Segment Start: Information shown

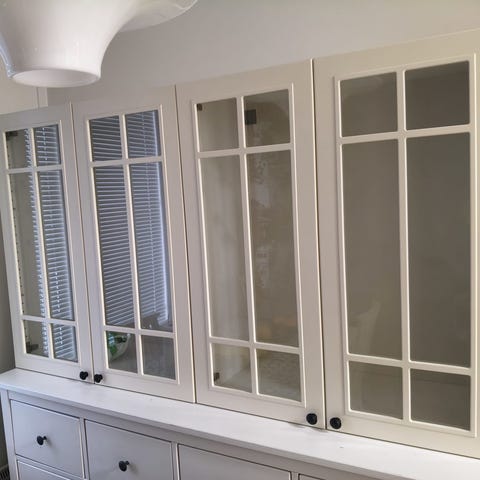 Kaapissa Ikea:n Avsikt satin silver "huurrettu" lasiovi. Ovessa hidaste.
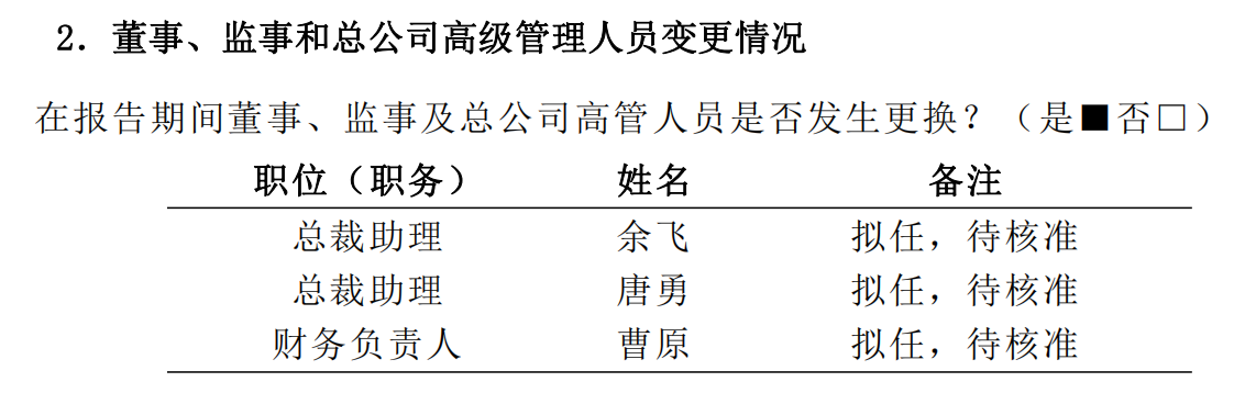根据最新披露的2025年第四季度偿付能力报告,本次调整涉及三位高管,副总裁曹原拟兼任财务负责人,余飞、唐勇两位省级分公司“一把手”拟升任总裁助理。
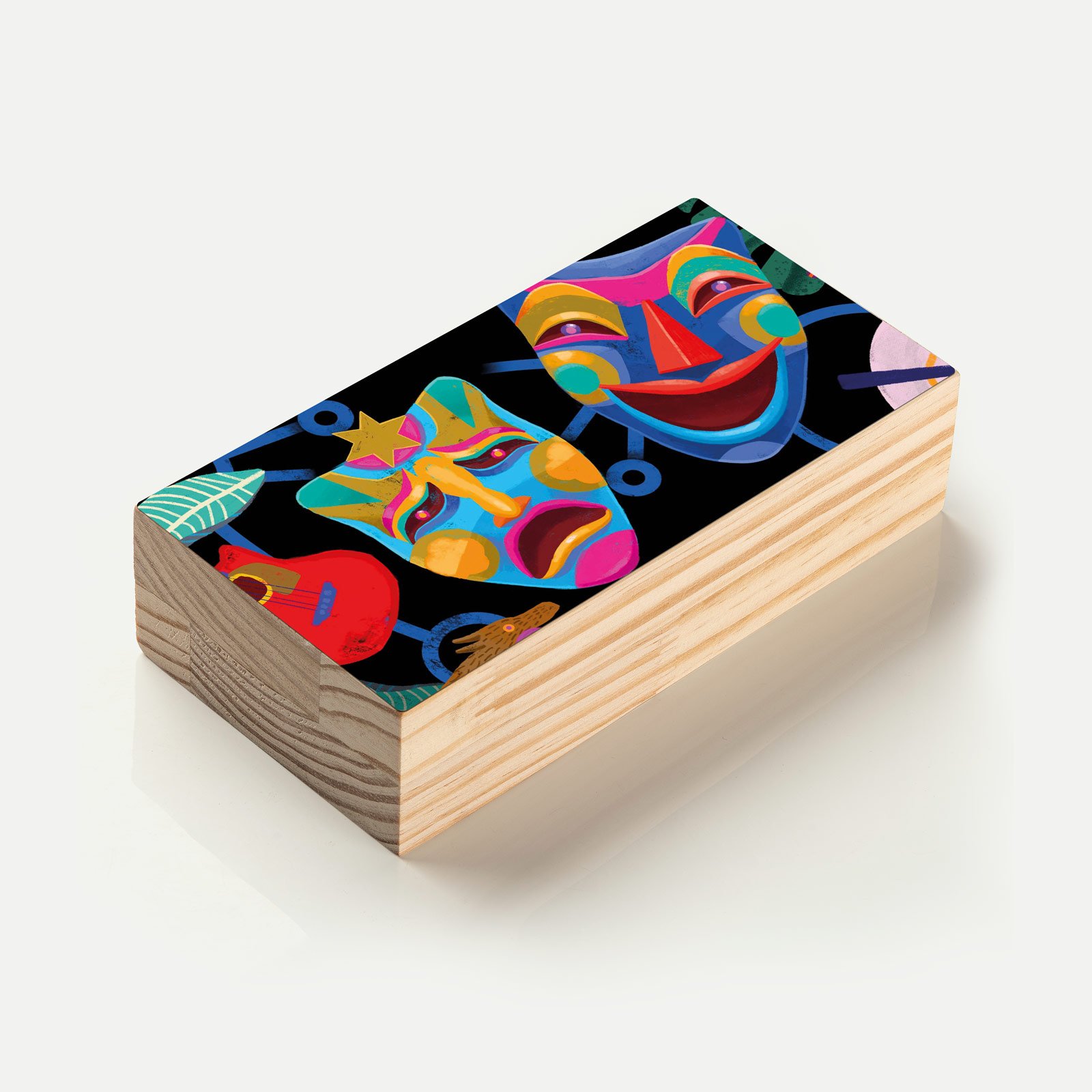 - Material: madeira pinus natural com impressão Fine Art e acabamento em metacrilato;
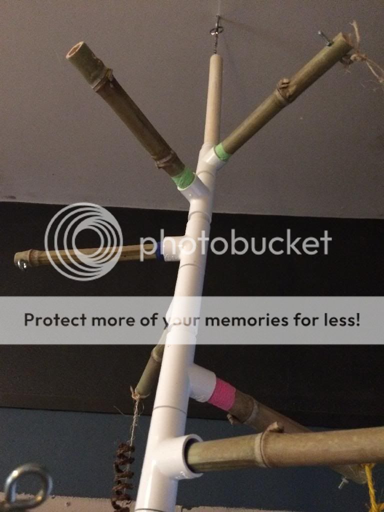 I was looking at my pvc stand and decided to add some wood perches to it, but couldn't figure out how exactly to do it. I finally came up with a solution.
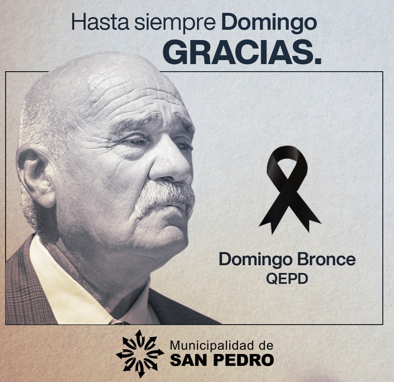 Con profunda tristeza y dolor, la Municipalidad de San Pedro lamenta informar el fallecimiento de Don Domingo Bronce, a los 73 años, después de haber dado batalla contra el Covid-19 y especialmente contra la insuperable pena de haber perdido hace pocos días a su compañera de la vida, también afectada por este virus.
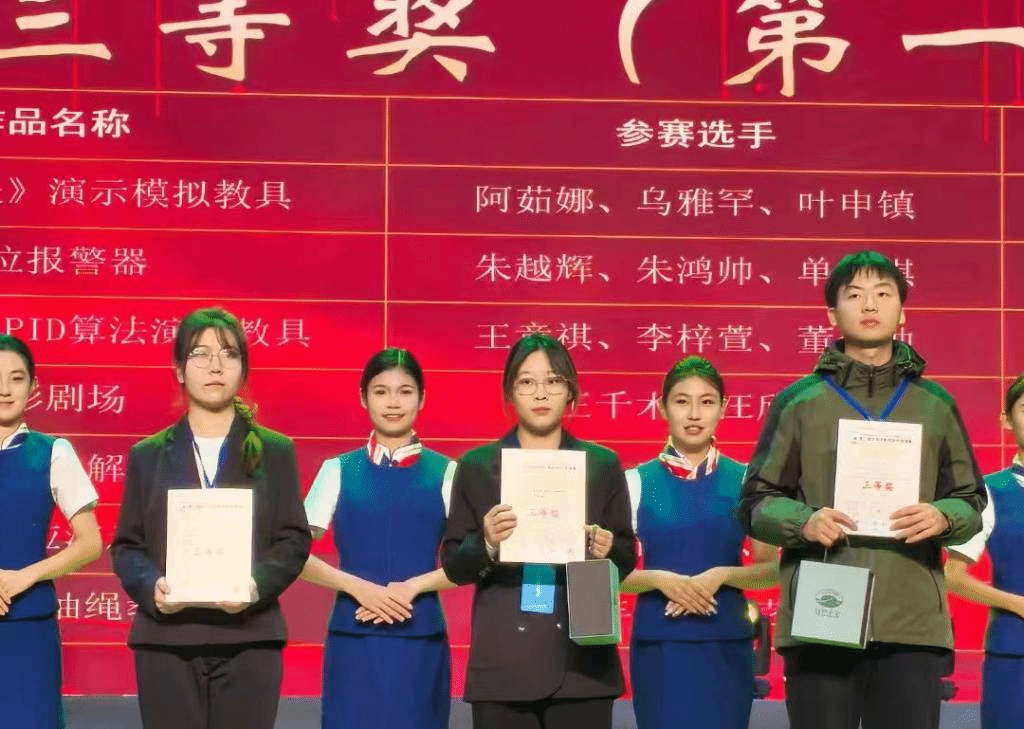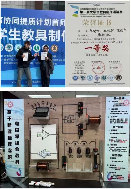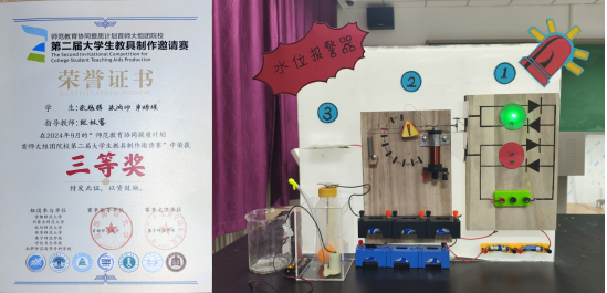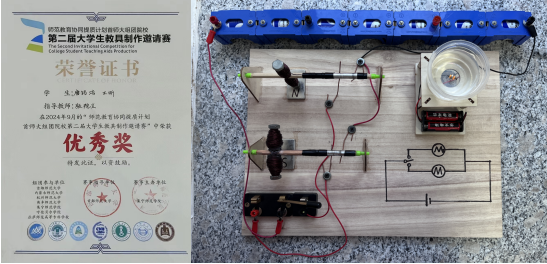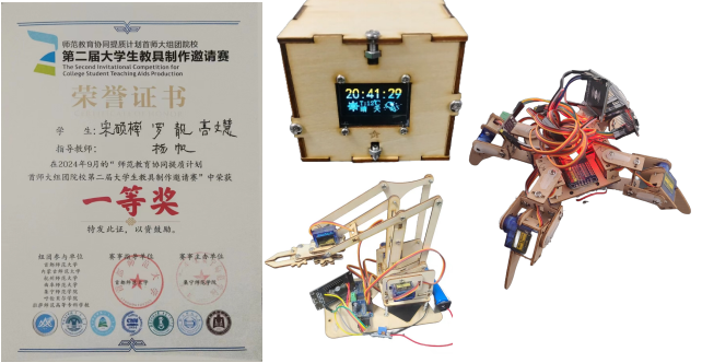 本次比赛旨在加强师范教育协同提质计划首师大组团院校之间的深入交流,着力提升师范生的创新精神和实践能力,推动本科教育教学水平的不断提高。竞赛分为初赛和复赛两个阶段,通过线上提交和现场实物演示的方式进行评比。经过激烈角逐,我院共有5项作品成功晋级决赛,在参赛过程中同学们展现出优异的创新实力和竞赛实力,每一件作品都凝聚了参赛学生的智慧和汗水。最终,由张院生老师指导、乐舒文等制作的“基于新课标理念的自制电磁学组合教具”获得一等奖,由杨帆老师指导、宋硕楠等制作的“星火燎原系列教具”获得一等奖;由杨帆老师指导、成佩轩等制作的“助聋5G机械臂教具”获得三等奖,由张林睿老师指导、朱越辉等制作的“水位报警器”获得三等奖;由张院生老师指导、唐铭浩等制作的“自制电动机—涡旋”获得优秀奖。
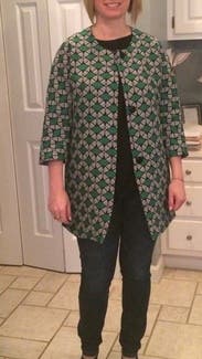 Loved this coat! The fabric is beautiful and the pattern is really interesting. Very comfortable and light enough to wear on its own in the spring, but I winterized with black turtleneck to wear in February. A boxy cut, so I would suggest wearing something fitted underneath or sizing down.
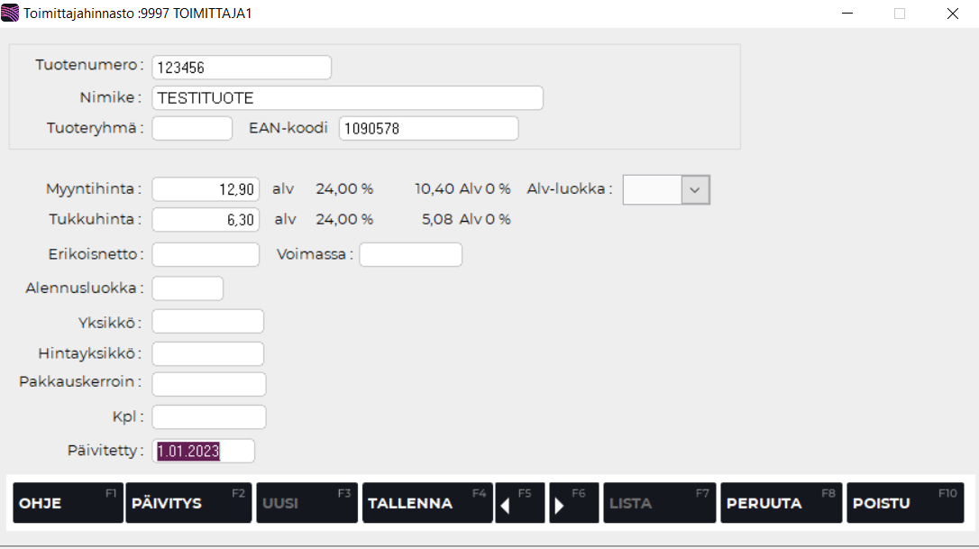 Toimittajan aiempi hinnasto avautuu, jos se on jo entuudestaan luotuna. Paina F2 Päivitys, jolloin toimittajahinnaston päivitysruutu avautuu.
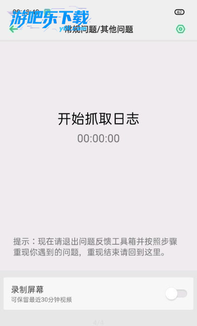 2.打开“屏幕录制”开关,点击“开始抓取”,然后让反馈工具箱保持后台运行,操作手机复现(让问题再次出现)你刚才出现的问题,复现之后立即截图,保存问题出现的时间点。
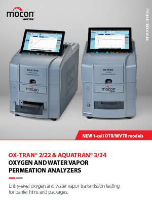 La serie OX-TRAN 2/22 de analizadores de alto rendimiento de 1 celda puede probar la tasa de transmisión de oxígeno (OTR) tanto en películas como en paquetes desde barreras de nivel bajo a moderado. Estos analizadores de bajo costo para paquetes y películas son fáciles de usar y ofrecen los tiempos de prueba más cortos disponibles en el mercado. Cuentan con 1 cartucho de prueba horizontal intercambiable que permite probar una amplia variedad de tamaños y tipos de muestras de manera fácil y precisa.
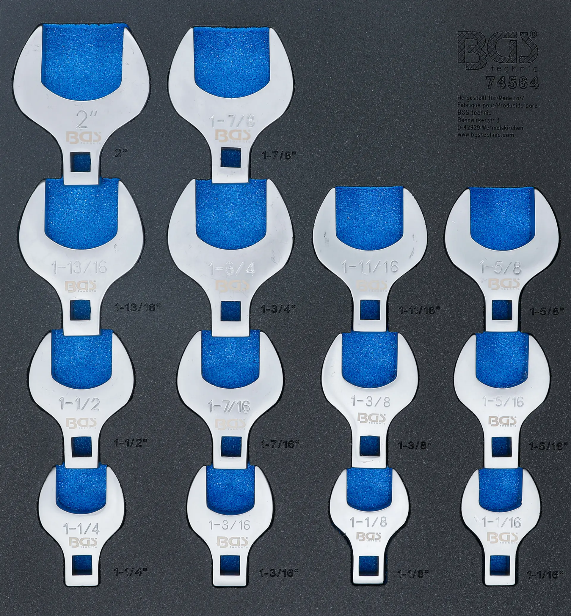 Vložka do diel.voz. 2/3: BGS 74564 Stranové kľúče Growfoot 1/2" 1 1/16 ÷ 2", palcové (BGS1074564)
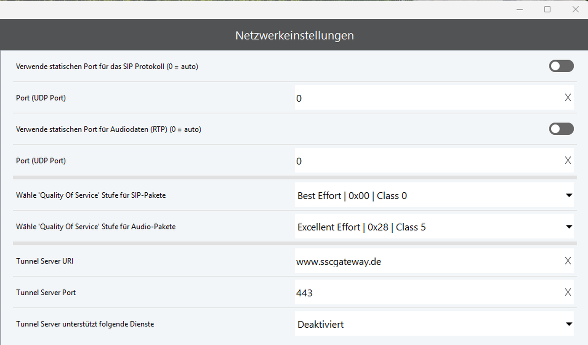 Statischen Port für Audiodaten (RTP) verwenden (0 = auto) | Beachten Sie die Firewall-Einstellungen. |
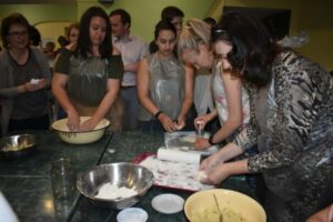 Після обіду цього дня українські викладачі та студенти провели майстер-клас з ліплення вареників. Канадійці з Едмонтона добре знають українську кухню, адже там проживає велика українська діаспора. Та власноруч замісити тісто та зліпити вареника більшість з них спробували вперше. Всі старалися, командна робота вже була налагоджена – тож ніхто не залишився голодним!
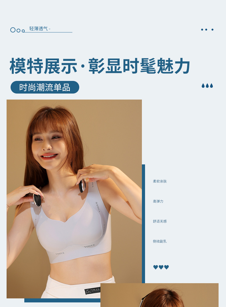 | Función | Cohesión, sin marcas, transpirabilidad, soporte superior, absorción de sudor, protección contra la luz diurna, tipo de ajuste, cómodo, recogida lateral, recogida de leche no esencial, pecho grande y pequeño |

Segment End: Information shown

* What the task asks: Output the material word for word. Pictures do not go in.

* Task solution:
 Kaapissa Ikea:n Avsikt satin silver "huurrettu" lasiovi. Ovessa hidaste.
根据最新披露的2025年第四季度偿付能力报告,本次调整涉及三位高管,副总裁曹原拟兼任财务负责人,余飞、唐勇两位省级分公司“一把手”拟升任总裁助理。
 - Material: madeira pinus natural com impressão Fine Art e acabamento em metacrilato;
 I was looking at my pvc stand and decided to add some wood perches to it, but couldn't figure out how exactly to do it. I finally came up with a solution.
 Con profunda tristeza y dolor, la Municipalidad de San Pedro lamenta informar el fallecimiento de Don Domingo Bronce, a los 73 años, después de haber dado batalla contra el Covid-19 y especialmente contra la insuperable pena de haber perdido hace pocos días a su compañera de la vida, también afectada por este virus.
 本次比赛旨在加强师范教育协同提质计划首师大组团院校之间的深入交流,着力提升师范生的创新精神和实践能力,推动本科教育教学水平的不断提高。竞赛分为初赛和复赛两个阶段,通过线上提交和现场实物演示的方式进行评比。经过激烈角逐,我院共有5项作品成功晋级决赛,在参赛过程中同学们展现出优异的创新实力和竞赛实力,每一件作品都凝聚了参赛学生的智慧和汗水。最终,由张院生老师指导、乐舒文等制作的“基于新课标理念的自制电磁学组合教具”获得一等奖,由杨帆老师指导、宋硕楠等制作的“星火燎原系列教具”获得一等奖;由杨帆老师指导、成佩轩等制作的“助聋5G机械臂教具”获得三等奖,由张林睿老师指导、朱越辉等制作的“水位报警器”获得三等奖;由张院生老师指导、唐铭浩等制作的“自制电动机—涡旋”获得优秀奖。
 Loved this coat! The fabric is beautiful and the pattern is really interesting. Very comfortable and light enough to wear on its own in the spring, but I winterized with black turtleneck to wear in February. A boxy cut, so I would suggest wearing something fitted underneath or sizing down.
 Toimittajan aiempi hinnasto avautuu, jos se on jo entuudestaan luotuna. Paina F2 Päivitys, jolloin toimittajahinnaston päivitysruutu avautuu.
 2.打开“屏幕录制”开关,点击“开始抓取”,然后让反馈工具箱保持后台运行,操作手机复现(让问题再次出现)你刚才出现的问题,复现之后立即截图,保存问题出现的时间点。
 La serie OX-TRAN 2/22 de analizadores de alto rendimiento de 1 celda puede probar la tasa de transmisión de oxígeno (OTR) tanto en películas como en paquetes desde barreras de nivel bajo a moderado. Estos analizadores de bajo costo para paquetes y películas son fáciles de usar y ofrecen los tiempos de prueba más cortos disponibles en el mercado. Cuentan con 1 cartucho de prueba horizontal intercambiable que permite probar una amplia variedad de tamaños y tipos de muestras de manera fácil y precisa.
 Vložka do diel.voz. 2/3: BGS 74564 Stranové kľúče Growfoot 1/2" 1 1/16 ÷ 2", palcové (BGS1074564)
 Statischen Port für Audiodaten (RTP) verwenden (0 = auto) | Beachten Sie die Firewall-Einstellungen. |
 Після обіду цього дня українські викладачі та студенти провели майстер-клас з ліплення вареників. Канадійці з Едмонтона добре знають українську кухню, адже там проживає велика українська діаспора. Та власноруч замісити тісто та зліпити вареника більшість з них спробували вперше. Всі старалися, командна робота вже була налагоджена – тож ніхто не залишився голодним!
 | Función | Cohesión, sin marcas, transpirabilidad, soporte superior, absorción de sudor, protección contra la luz diurna, tipo de ajuste, cómodo, recogida lateral, recogida de leche no esencial, pecho grande y pequeño |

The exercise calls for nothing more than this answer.